New research helps ostriches orgasm
Dr Irek Malecki, of the School of Animal Biology at The
University of Western Australia (UWA) collecting semen from
a male emu, who is much gentler than a male ostrich, using
an artificial cloaca.

People say a “bird in the hand is worth two in the bush”, but try masturbating a two metre tall, 120 kilogram male ostrich with powerful legs and toenails and you’ve got a challenge on your hands.

Researchers in the School of Animal Biology at The University of Western Australia (UWA) have achieved a world-first by developing animal and human-friendly methods for semen collection and artificial insemination in ostriches.

Dr Irek Malecki, co-supervisor of the project, said the technique, which involved using a dummy female for collecting ostrich ejaculates, evolved out of animal behaviour observations, where captive reared birds become imprinted and perceived humans as “sexy” and worthy of their sexual display.

To mate, male ostriches rest a leg on their partner, which led to the development of a dummy female with an artificial cloaca (reproductive/excretory orifice) as a sperm receptacle.

Emus, however, require no such balancing and can ejaculate into the artificial cloaca held by a person while crouching on the ground and ‘resting’ on the person’s arm and back .

Emus and ostriches are members of the ratite family, a diverse group of large, flightless birds.

A graduate of the Faculty of Animal Husbandry, Academy of Agriculture, Lublin, Poland, Dr Malecki migrated to Australia in 1989 and was awarded a UWA/CSIRO scholarship for PhD studies on the reproductive physiology of emus.

After completing his PhD in 1997, he continued his research at UWA on ratite reproductive biology, focussing on developing semen collection, artificial insemination, fertility and hatchability technologies for the emu and ostrich industries.

His research was supported by the Rural Industries Research and Development Corporation (RIRDC).

“Emu and ostrich fertility is now better understood and we can objectively assess fertility and diagnose fertility problems for individuals or flocks,” Dr Malecki said.

“We’ve also developed tests for sperm function in vitro to optimise diluents and conditions for storage and cryopreservation of emu and ostrich sperm. Our technologies are ready for adoption by the emu and ostrich industries.”

A 2002 collaboration with African researchers on ostrich fertility led to the important and unexpected finding that part of reproductive waste in females is caused by early embryo mortality, rather than infertility.

Dr Malecki said their research demonstrated the need for greater understanding of early embryo viability, the physiological zero temperature at which no development occurs and also the relationship of the blastoderm stage (formed by the cleavage of the fertilised egg) to embryo development, hatchability and chick development.
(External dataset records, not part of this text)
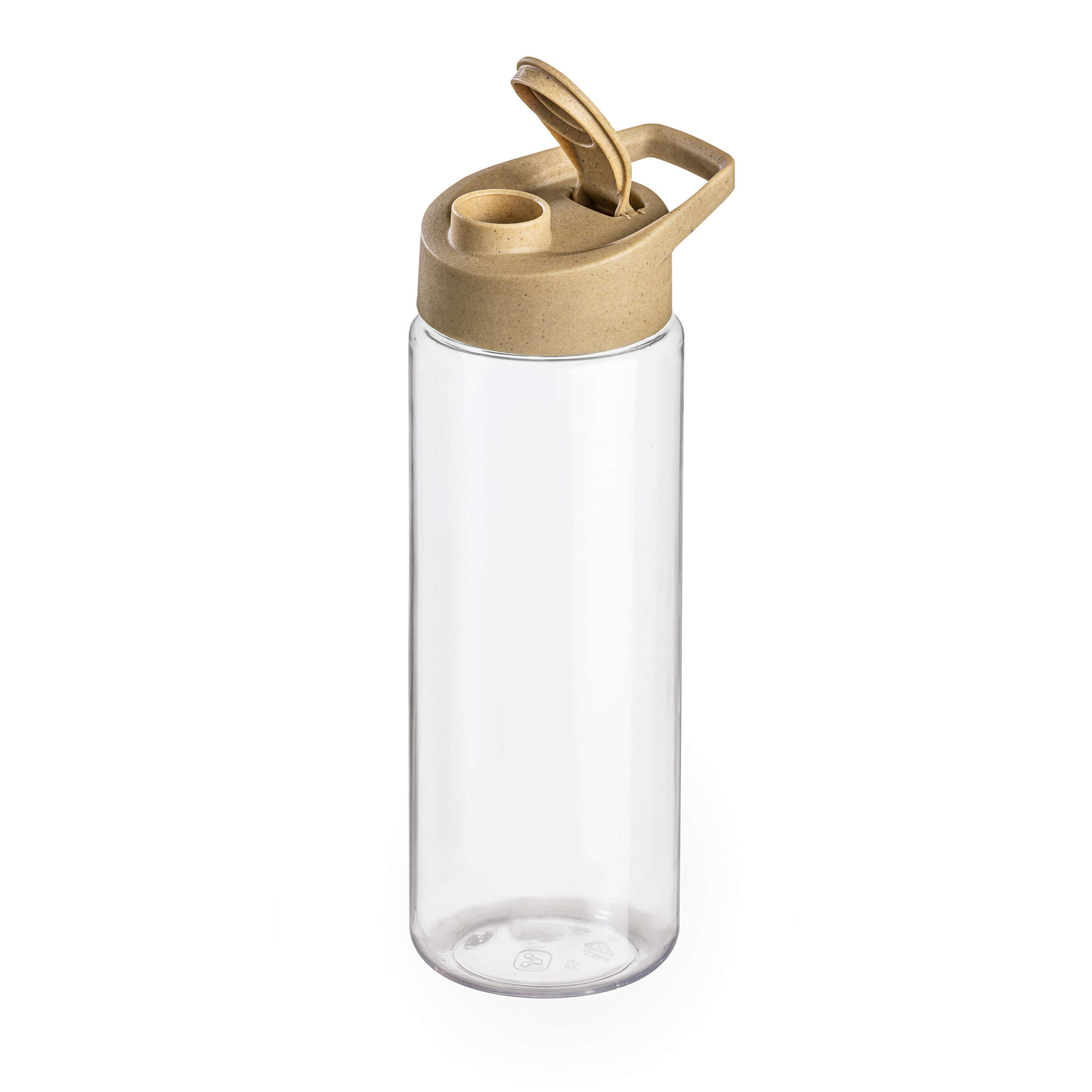 Botella recta . Capacidad 500cc. Material libre de BPA. Tapa de polipropileno + FIBRA DE MADERA. Pico rebatible con sorbete. Pared super rígida no flexible de material PET. Alta calidad en sus terminaciones y materiales. Medida: 17,5 cm de altura.
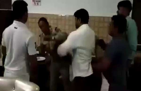 होटल में दरोगा को पीटता भाजपा पार्षद।
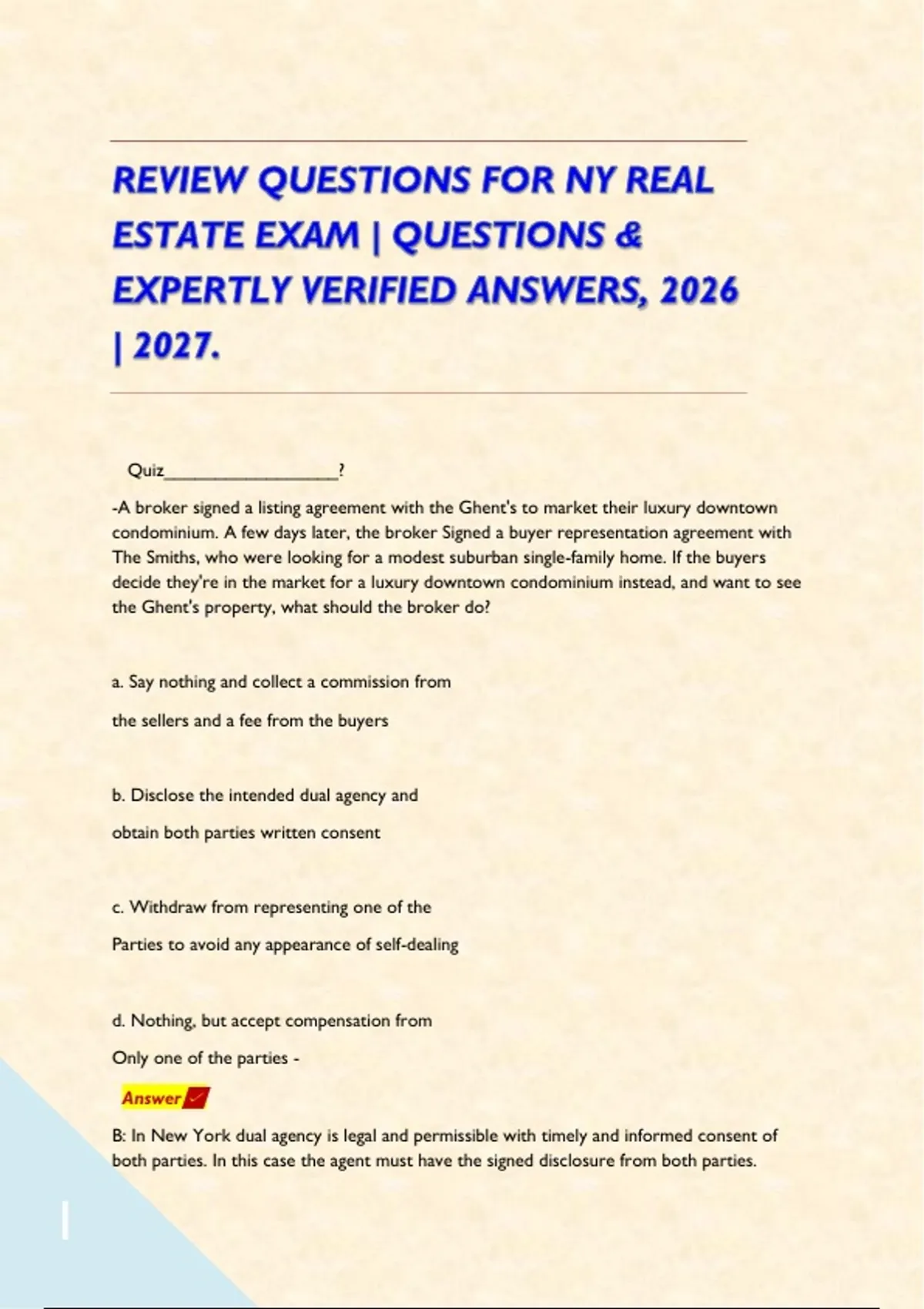 REVIEW QUESTIONS FOR NY REAL ESTATE EXAM | QUESTIONS & EXPERTLY VERIFIED ANSWERS, 2026 | 2027. Quiz_________________? -A broker signed a listing agreement with the Ghent's to market their luxury downtown condominium. A few days later, the broker Signed a buyer representation agreement with The Smiths, who were looking for a modest suburban single-family home. If the buyers decide they're in the market for a luxury downtown condominium instead, and want to see the Ghent's property, what should the broker do? a. Say nothing and collect a commission from the sellers and a fee from the buyers b. Disclose the intended dual agency and obtain both parties written consent c. Withdraw from representing one of the Parties to avoid any appearance of self-dealing d. Nothing, but accept compensation from Only one of the parties - Answer B: In New York dual agency is legal and permissible with timely and informed consent of both parties. In this case the agent must have the signed disclosure from both parties. Quiz_________________? -A legally enforceable agreement between competent parties in which each party acquires a right is called a a. Certiorari. b. Consideration. c. Contract. d. Clause. - Answer C: A contract is an agreement between competent legal parties to do or refrain from doing some legal act in exchange for consideration. Quiz_________________? -A real estate salesperson's compensation is set by a. The local realty association. b. The Department of State, Division of Licensing Services. c. Agreement between broker and salesperson. d. The cooperating broker in a transaction. - Answer C: The fee or rate of commission paid to a real estate broker is strictly negotiable between the broker and the seller or buyer. Quiz_________________? -A tenant learns her building has been sold to a new landlord. The sale of the property a. Automatically terminates all preexisting leases. b. Automatically renews the lease for an additional term, although the tenant has the option of declining the renewal. c. has no effect on existing leases, and the tenant must make timely rent payments to the new owner. d. terminates the lease, but the tenant is entitled to a legal holdover tenancy for the remainder of the lease term. - Answer C: Lease agreement does not terminate when an owner sells, new owner is bound by terms of lease Quiz_________________? -Charging more than the legal interest rate is Known as a. points b. usury c. discounting d. novation - Answer B: USURY LAWS are used by New York State to fix a maximum allowable interest rate. Quiz_________________? -Deed restrictions may be established only by the a. Grantor. b. Local government. c. Zoning board of appeals. d. Grantee. - Answer A: Deed restrictions are in the form of covenants or conditions. These restrictions run with the land, they are put by the "grantor" Quiz_________________? -In a real estate transaction, a broker had a written representation agreement with the buyer but was paid 6 percent of the selling price at the closing by the seller. Under these facts, whose agent was this broker? a. The broker was the seller's agent. b. The broker was the buyer's agent. c. The broker is a dual agent. d. The broker has violated New York's real Estate license laws and may have his or her License suspended or revoked. - Answer B: Other means of payment can be through multiple listing services when the listing broker offers cooperating compensation to the buyer broker. The buyer broker will then be paid by the seller
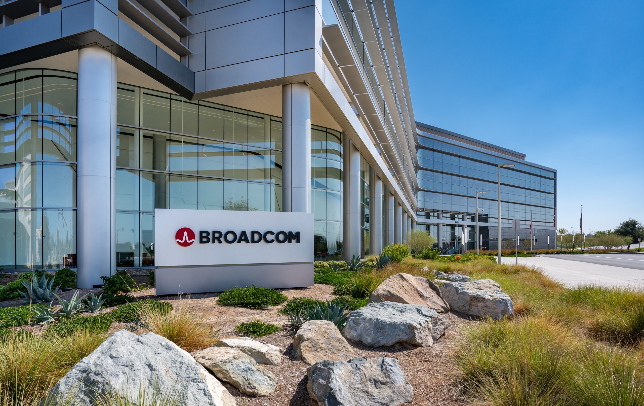 Broadcom sign at company headquarters campus in Silicon Valley, high ...
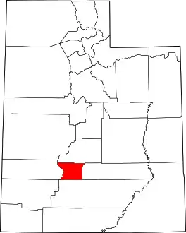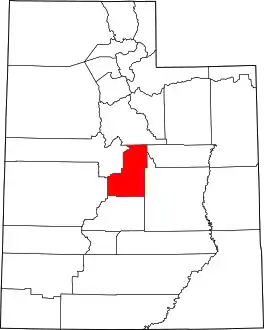 | مقاطعة سانبيتي | 039 | مانتي | 1849 | واحدة من مقاطعات ولاية ديسيريت | غير مؤكد اصل التسمية ربما أسم رئيس قبيلة يوت اسمه سان بيتش | 27,882 | 1,590 ميل مربع (4,100 كـم2) | ![]() |
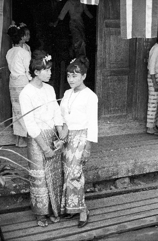 Girls in Shan dress, 2 photos, Amphoe Muang Mae Hong Son, Changwat Mae Hong Son, Thailand, January 1968
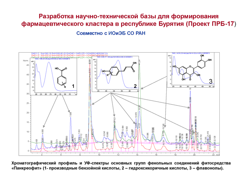 - Методом ВЭЖХ проведено исследование состава фенольных соединений экстрактов из растительного сырья Бурятии, традиционно используемого в тибетской медицине, на основе которых разработаны фитосредства «Панкреофит» и «Тиреотон». Установлено, что основными группами фенольных соединений в экстрактах являются фенолокислоты типа С6-С1 и фенилпропаноиды типа С6-С3 и С6-С3-С6. Практически во всех экстрактах идентифицирована хлорогеновая кислота и гликозилированные флавононы (Совместно с ИОиЭБ СО РАН).
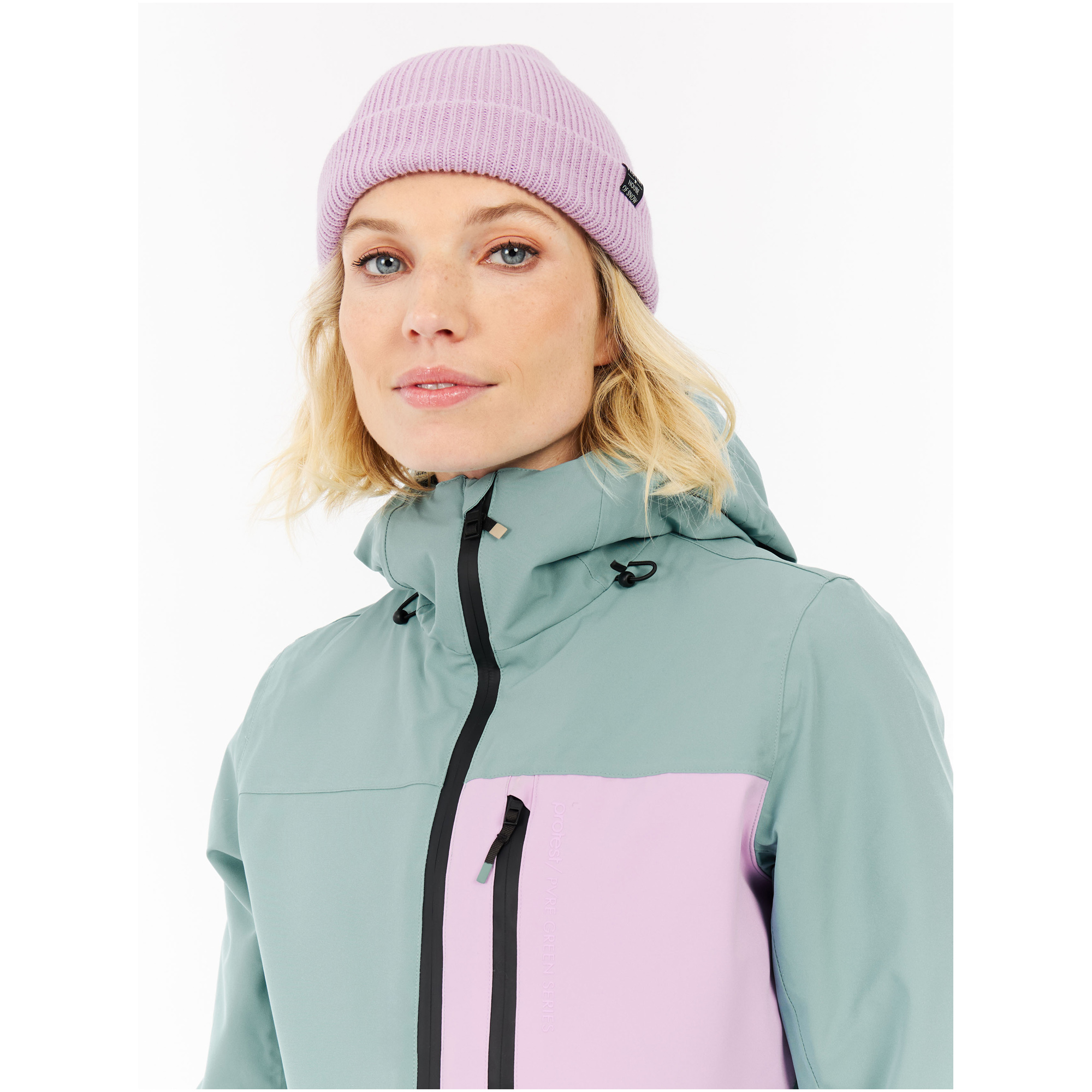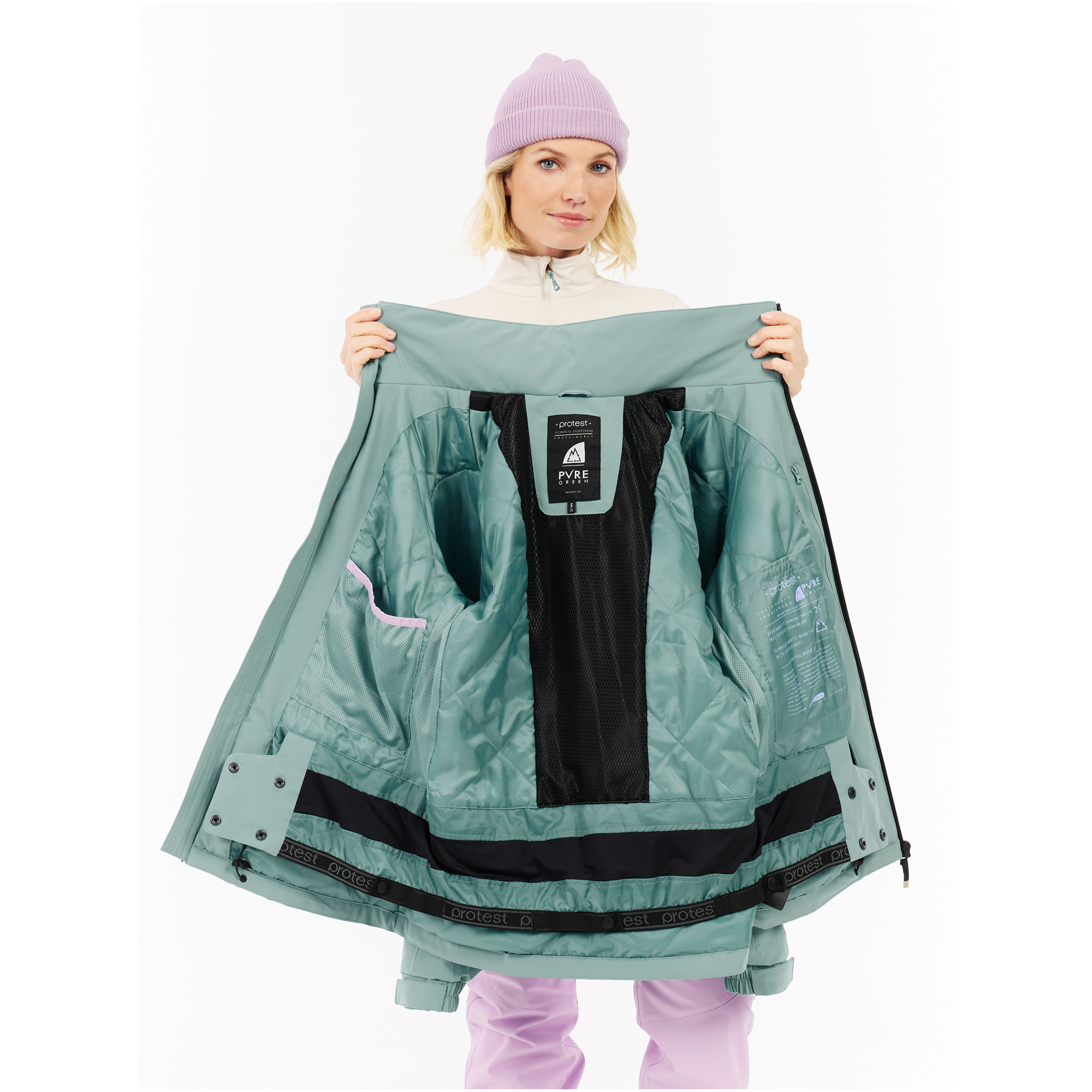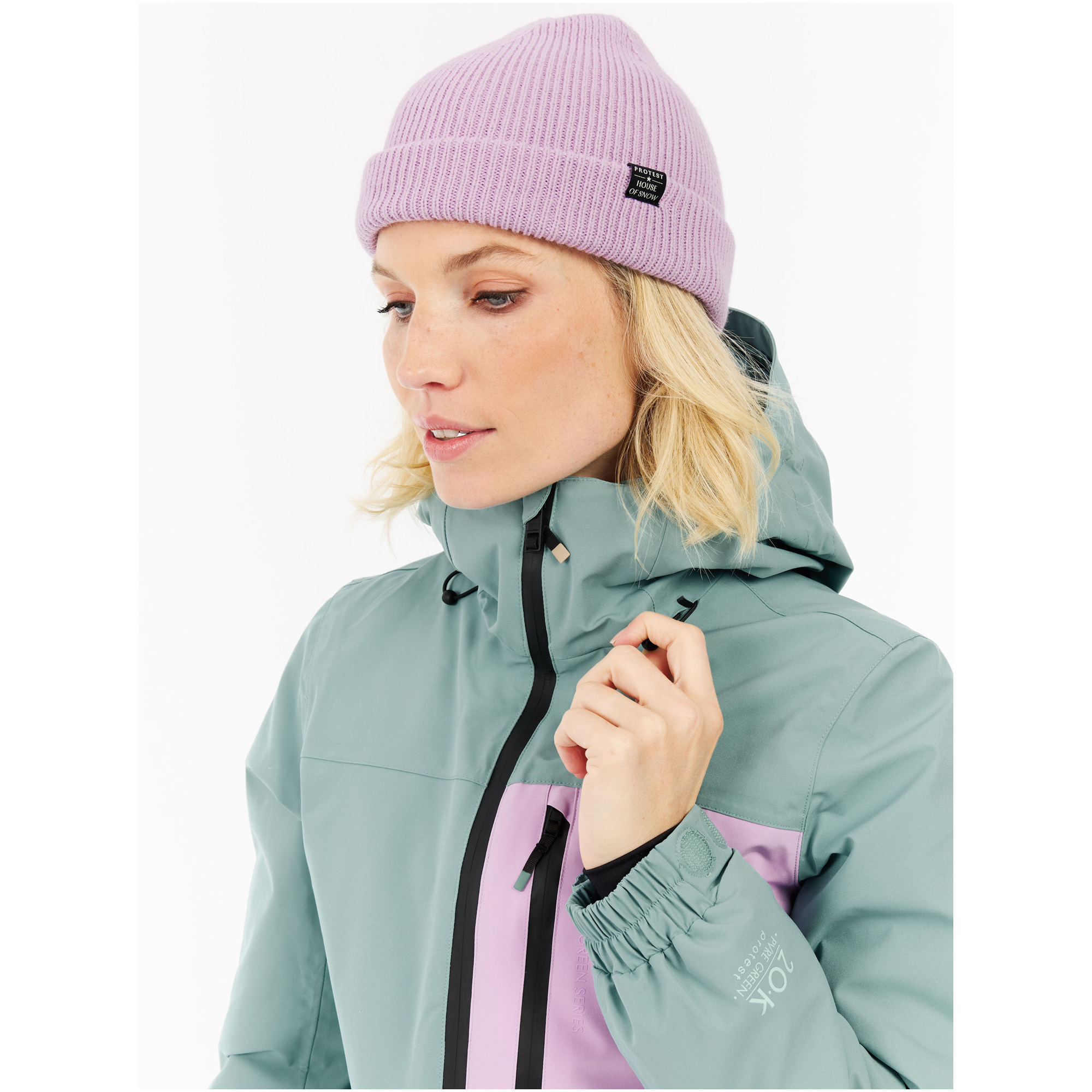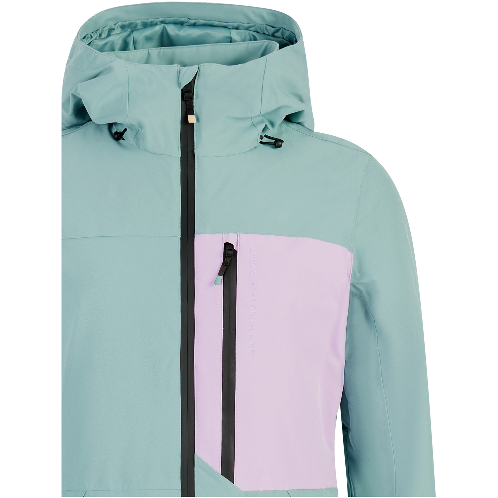 Kurtka wykorzystuje membranę TPU o parametrach 20 000 mm wodoodporności i 20 g oddychalności, co czyni ją skuteczną tarczą przeciw niepogodzie. Materiał PVRE Green z recyklingu jest wiatroszczelny i trwały, z hydrofobowym wykończeniem bez PFC. Stały regulowany kaptur i w pełni uszczelnione szwy zapobiegają wnikaniu śniegu, a odpinany pas pozwala dostosować styl. Idealna do jazdy freeride i snowboardu w zmiennych warunkach.
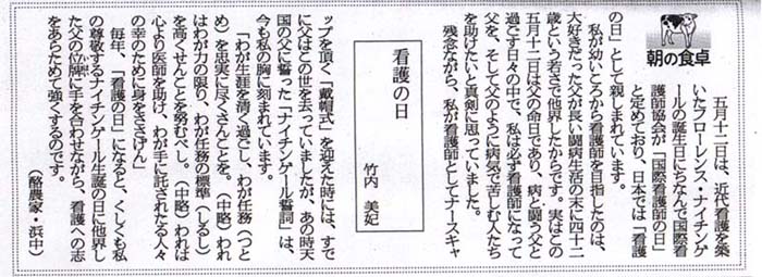 これは北海道新聞の記事である。この記事を読んで、ずいぶん前のことが思い出されました。 僕の詰め所に看護婦さんの娘が新卒の看護婦さんとして配属されてきました。看護婦さんの家で生まれ、本人も看護婦さんを目指したということなので 、その新卒のナースに聞いてみました。 「いよいよ白衣の天使だね。」 その答えは予期に反したものでした。 「看護婦は白衣の天使ではありません。」 ちょっとびっくりして 「え! 違うの??」 僕は、笑って、それ以上は聞くのはのをやめました。僕の期待は、やっぱり「そう(天使)なりたいわ。」とか、せめて「私には無理よ。」 という答えであったように思う。 彼女が何を言いたかったのか、その後も詳しく聞かなかったのでわかりませんが、 いま振り返り、推測すると、「職業としてナースを選んだのであって、 白衣の天使になるためにナースを選んだわけではない。」と言いたかったような気がします。実際にまわりの看護婦さん(最近は男性の看護師さんも多くなったが)を見渡すと、しっかりもの、おっちょこちょいな人、優しい人、ちょっときつい人などさまざま。忙しい看護の仕事で、仕事に追われ、とても白衣の天使になれるような状況ではないように思う。今の世の中、白衣の天使になって、献身的に働きなさいとは無理な注文でしょう。 そんな気持ちでいた最近でしたから、この新聞記事を読んで、ちょっとうれしくなりました。白衣の天使になろうとしている看護婦さんもきっとたくさんいるのでしょう。ただ、ナイチンゲールの誓詞の一節に「心より医師を助け・・・」がある。看護婦さんに期待する前に、まず、自分自身が患者さんや看護婦さんに信頼される医師になるのが先決ですね・・・。 |

In Australia, ostriches are bred for skin and meat and emus for meat, skin and oil.

Arthur Pederick of Wagin, President of the Emu Farmers’ Association of WA and Federal Secretary-Treasurer of the Emu Industry Federation of Australia said Dr Malecki’s work would be immensely important to the industry once research had categorised the anti-inflammatory, antiseptic and anaesthetic qualities of the oil, as this would generate demand for product and create new markets.

“It’s been a boom and bust industry and once there were more than 1000 registered emu farms in Australia, but now we’re down to 50,” Mr Pederick said.

“Most of the industry is in NSW, Victoria and SA because they have abattoirs to process the birds, but in WA there is no dedicated abattoir and we don’t presently have the numbers to justify one.

“Emus have dark meat, which tastes similar to beef and is high in iron and low in fat. There are many positive aspects to emu products and when we have a better consumer base, Dr Malecki’s work will be invaluable in specifically breeding for quality oil and meat producing birds.

“The technologies he has developed will save the industry around 10 years of work,” Mr Pederick said.

This view is echoed by Michael Hastings, President of the Australian Ostrich Association and a former Nuffield Scholar, who studied ostrich genetics and the potential role of a central international ostrich genetic improvement centre.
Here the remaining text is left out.